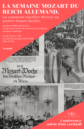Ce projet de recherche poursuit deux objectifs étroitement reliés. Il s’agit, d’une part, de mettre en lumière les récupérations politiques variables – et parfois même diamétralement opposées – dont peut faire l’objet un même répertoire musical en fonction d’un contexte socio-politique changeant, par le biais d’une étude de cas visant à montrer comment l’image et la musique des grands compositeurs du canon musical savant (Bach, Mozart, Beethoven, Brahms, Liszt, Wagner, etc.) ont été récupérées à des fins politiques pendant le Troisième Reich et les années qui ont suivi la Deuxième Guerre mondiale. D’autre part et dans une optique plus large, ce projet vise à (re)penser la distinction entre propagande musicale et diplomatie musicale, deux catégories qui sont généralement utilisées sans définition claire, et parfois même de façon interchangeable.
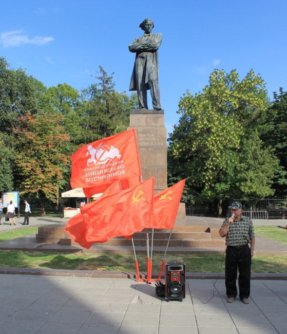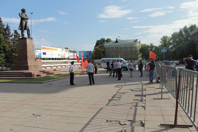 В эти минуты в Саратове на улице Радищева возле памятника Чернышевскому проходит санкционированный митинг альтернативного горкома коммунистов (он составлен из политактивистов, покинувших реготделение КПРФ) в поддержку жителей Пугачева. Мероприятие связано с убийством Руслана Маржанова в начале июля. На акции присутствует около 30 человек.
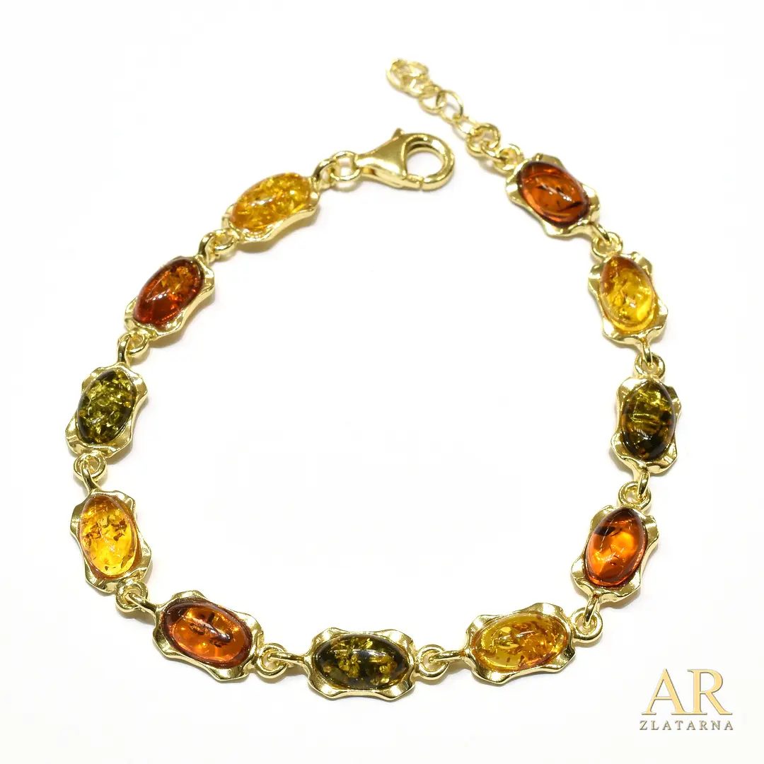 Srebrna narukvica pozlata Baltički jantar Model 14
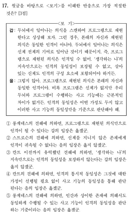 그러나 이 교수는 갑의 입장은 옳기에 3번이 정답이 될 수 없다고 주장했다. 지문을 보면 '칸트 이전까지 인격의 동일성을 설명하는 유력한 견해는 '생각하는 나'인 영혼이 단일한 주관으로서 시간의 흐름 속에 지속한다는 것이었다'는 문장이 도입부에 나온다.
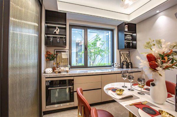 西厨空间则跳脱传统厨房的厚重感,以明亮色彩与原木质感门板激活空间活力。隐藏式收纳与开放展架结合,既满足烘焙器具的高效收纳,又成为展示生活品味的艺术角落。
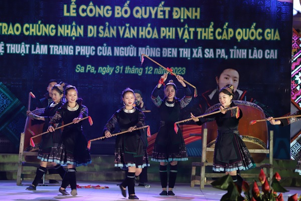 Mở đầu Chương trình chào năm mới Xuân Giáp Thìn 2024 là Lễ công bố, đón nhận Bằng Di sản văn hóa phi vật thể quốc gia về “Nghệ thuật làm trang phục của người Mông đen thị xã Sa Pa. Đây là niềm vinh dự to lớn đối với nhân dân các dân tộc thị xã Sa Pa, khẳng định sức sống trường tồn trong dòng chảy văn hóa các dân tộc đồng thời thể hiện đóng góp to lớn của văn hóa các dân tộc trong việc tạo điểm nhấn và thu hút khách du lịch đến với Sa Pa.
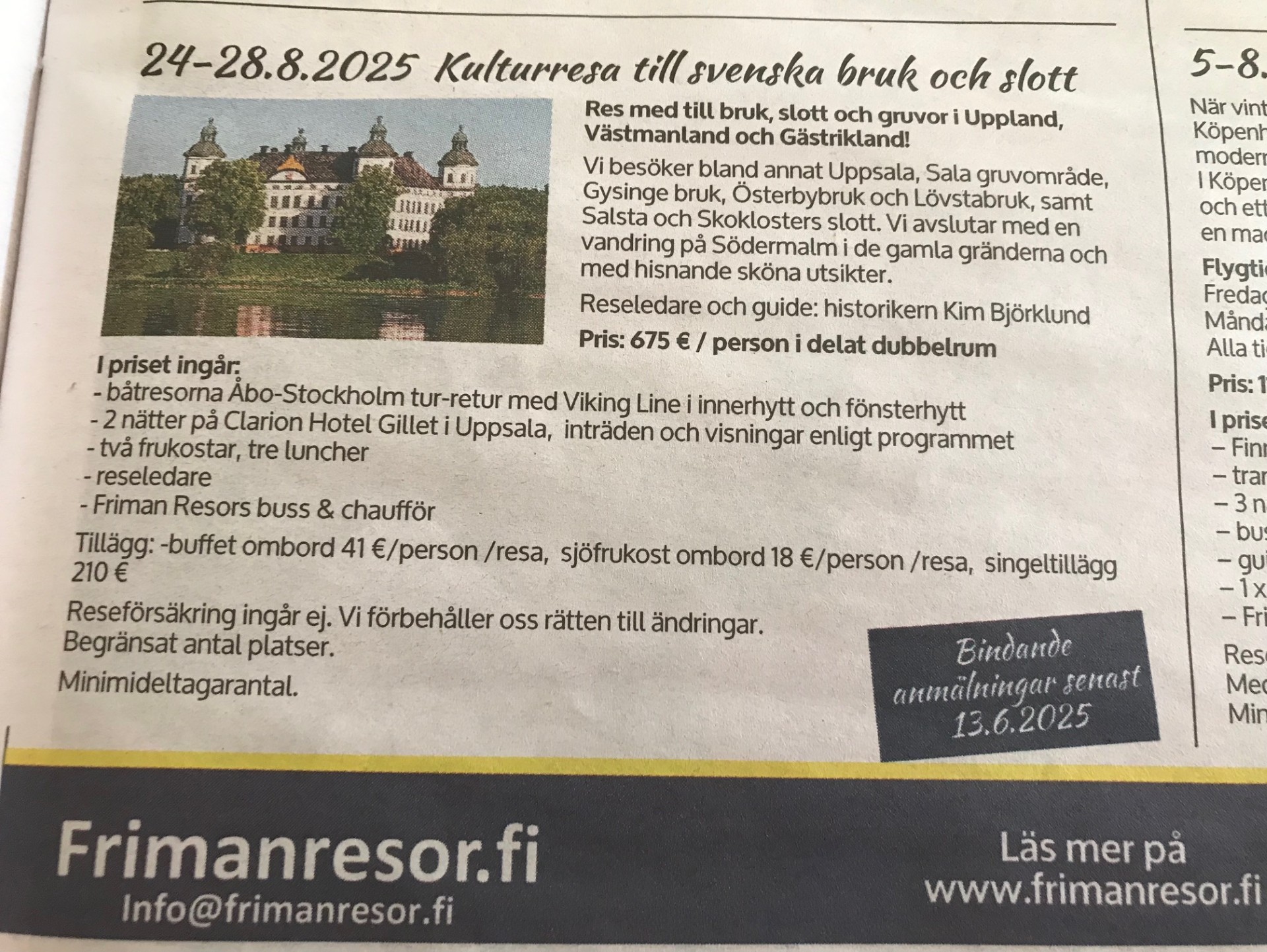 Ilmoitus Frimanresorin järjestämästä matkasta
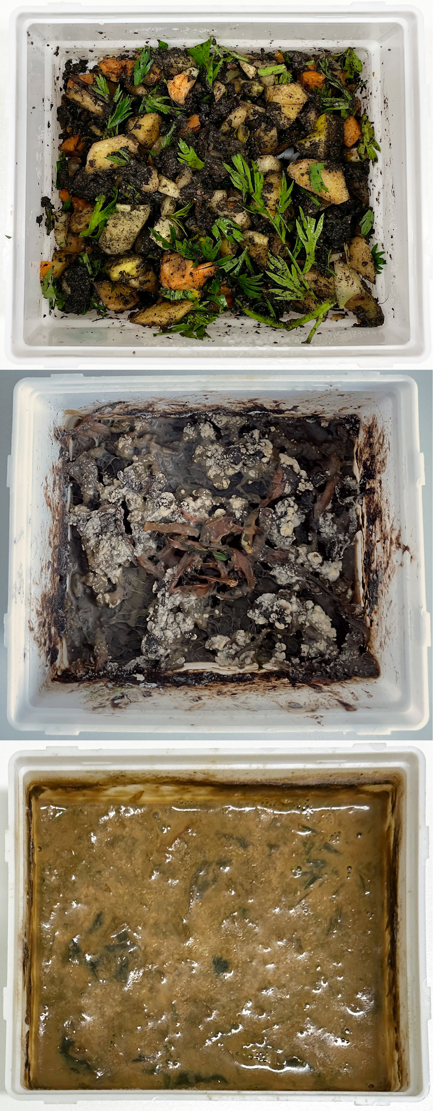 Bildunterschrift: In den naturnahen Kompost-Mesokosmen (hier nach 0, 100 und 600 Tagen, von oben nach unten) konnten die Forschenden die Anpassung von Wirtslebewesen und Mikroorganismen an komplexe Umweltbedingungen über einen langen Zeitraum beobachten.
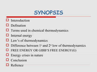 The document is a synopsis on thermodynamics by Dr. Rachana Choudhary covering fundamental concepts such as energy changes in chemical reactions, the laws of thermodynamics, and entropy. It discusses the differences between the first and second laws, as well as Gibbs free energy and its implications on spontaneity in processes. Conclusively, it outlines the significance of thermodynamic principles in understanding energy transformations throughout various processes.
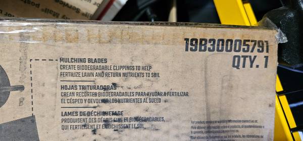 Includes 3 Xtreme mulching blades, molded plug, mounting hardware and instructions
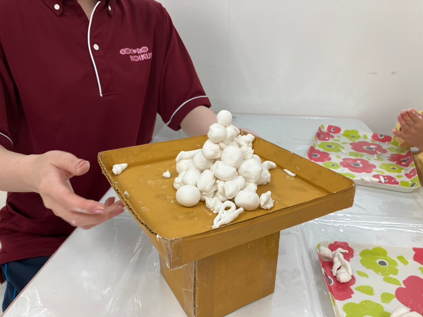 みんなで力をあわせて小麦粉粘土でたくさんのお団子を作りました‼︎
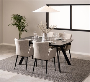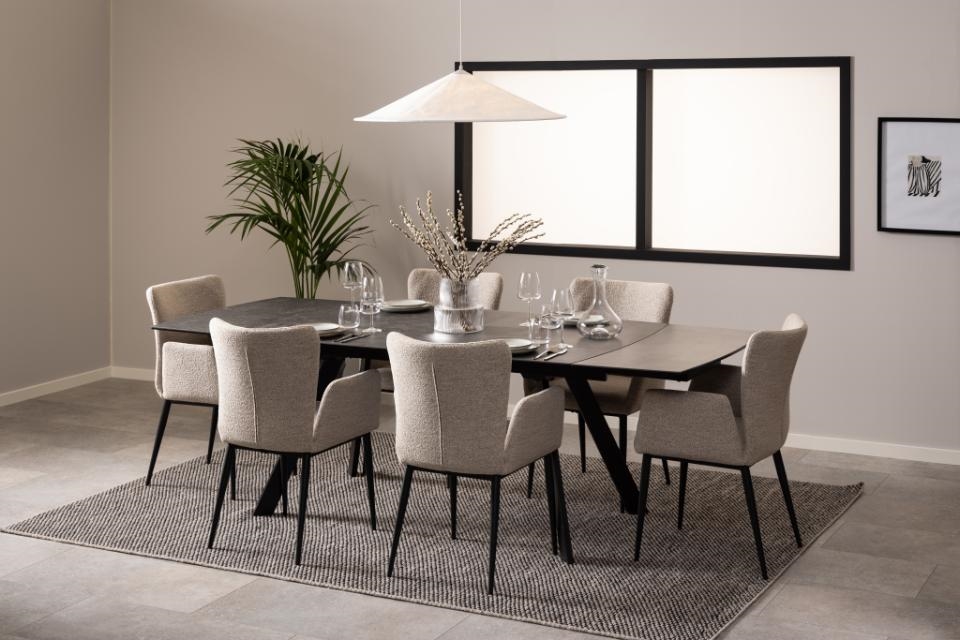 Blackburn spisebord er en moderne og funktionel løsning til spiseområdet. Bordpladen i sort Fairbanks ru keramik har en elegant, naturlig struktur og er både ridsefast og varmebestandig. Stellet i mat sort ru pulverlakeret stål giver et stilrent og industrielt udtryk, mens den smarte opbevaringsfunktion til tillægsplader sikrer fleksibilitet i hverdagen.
§ §
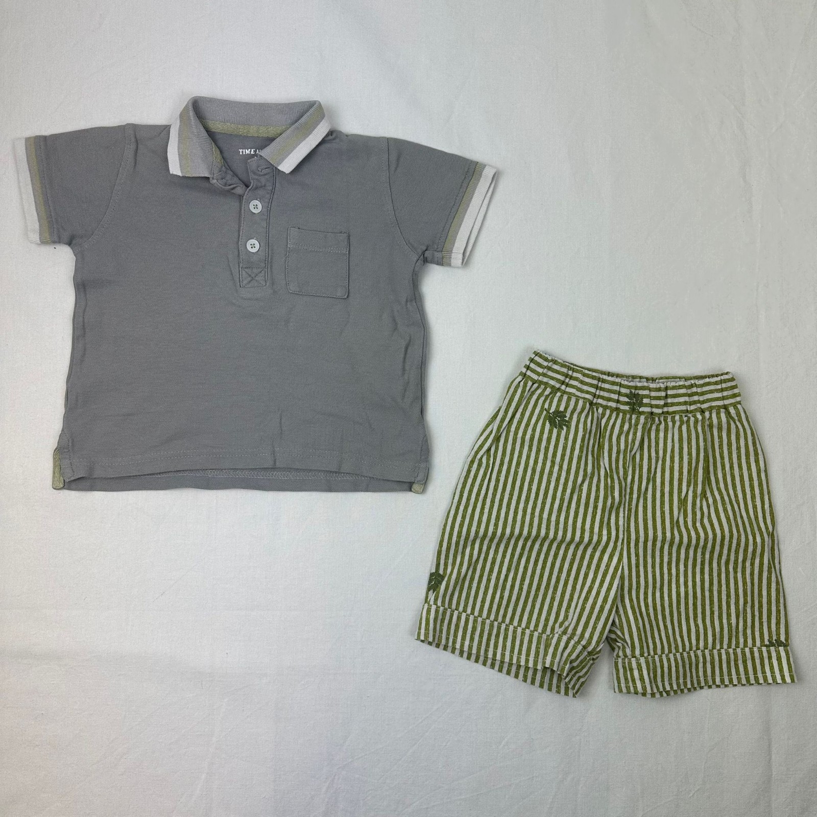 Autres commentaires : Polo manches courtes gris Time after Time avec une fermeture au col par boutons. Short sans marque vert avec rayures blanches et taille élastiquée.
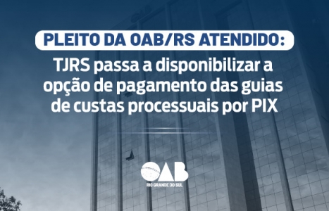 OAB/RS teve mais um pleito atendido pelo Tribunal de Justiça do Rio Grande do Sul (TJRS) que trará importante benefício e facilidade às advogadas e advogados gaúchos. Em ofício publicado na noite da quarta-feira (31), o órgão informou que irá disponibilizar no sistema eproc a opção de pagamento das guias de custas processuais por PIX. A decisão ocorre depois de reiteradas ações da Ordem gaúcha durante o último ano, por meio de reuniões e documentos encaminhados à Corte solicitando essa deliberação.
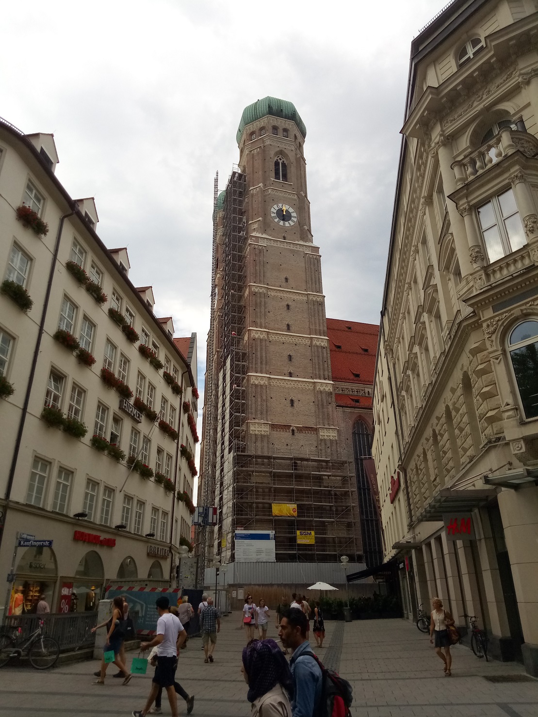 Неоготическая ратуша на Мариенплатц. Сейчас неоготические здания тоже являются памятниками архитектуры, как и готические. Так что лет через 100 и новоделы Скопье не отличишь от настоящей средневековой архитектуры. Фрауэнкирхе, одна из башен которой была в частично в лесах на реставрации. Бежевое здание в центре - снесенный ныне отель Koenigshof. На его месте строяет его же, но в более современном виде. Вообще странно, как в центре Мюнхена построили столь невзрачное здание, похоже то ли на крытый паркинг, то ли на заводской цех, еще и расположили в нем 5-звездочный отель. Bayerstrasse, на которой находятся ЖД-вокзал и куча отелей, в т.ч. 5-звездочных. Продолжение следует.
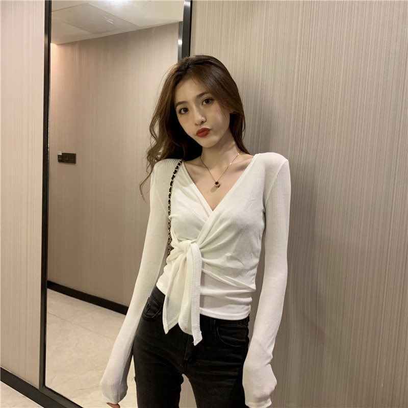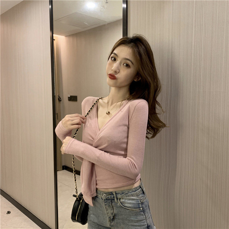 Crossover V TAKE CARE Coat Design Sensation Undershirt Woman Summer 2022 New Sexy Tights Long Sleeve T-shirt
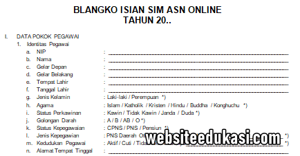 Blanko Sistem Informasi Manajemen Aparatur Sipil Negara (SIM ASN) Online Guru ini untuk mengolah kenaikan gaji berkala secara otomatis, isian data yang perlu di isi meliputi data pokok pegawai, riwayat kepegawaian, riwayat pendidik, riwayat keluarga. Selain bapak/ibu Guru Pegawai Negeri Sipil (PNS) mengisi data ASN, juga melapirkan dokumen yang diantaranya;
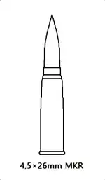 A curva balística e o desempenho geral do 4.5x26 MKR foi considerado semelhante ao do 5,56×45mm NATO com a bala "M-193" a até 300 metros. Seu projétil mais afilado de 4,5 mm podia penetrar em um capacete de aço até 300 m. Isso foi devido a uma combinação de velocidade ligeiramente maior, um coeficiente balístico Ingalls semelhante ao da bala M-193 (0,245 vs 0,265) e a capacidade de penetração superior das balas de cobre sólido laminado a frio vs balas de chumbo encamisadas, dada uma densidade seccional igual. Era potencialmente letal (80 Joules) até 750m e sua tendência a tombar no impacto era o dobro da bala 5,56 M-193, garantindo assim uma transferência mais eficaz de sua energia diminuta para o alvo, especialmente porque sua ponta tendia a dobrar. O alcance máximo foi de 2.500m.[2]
§ §
Exact copy, no pictures. Write out the lines in the entries above, starting with the line with "Ilmoitus Frimanresorin järjestämästä" and going on through the line with "Bildunterschrift: In den", keeping both.

§ **Solution for this task**
 Ilmoitus Frimanresorin järjestämästä matkasta
 Bildunterschrift: In den naturnahen Kompost-Mesokosmen (hier nach 0, 100 und 600 Tagen, von oben nach unten) konnten die Forschenden die Anpassung von Wirtslebewesen und Mikroorganismen an komplexe Umweltbedingungen über einen langen Zeitraum beobachten.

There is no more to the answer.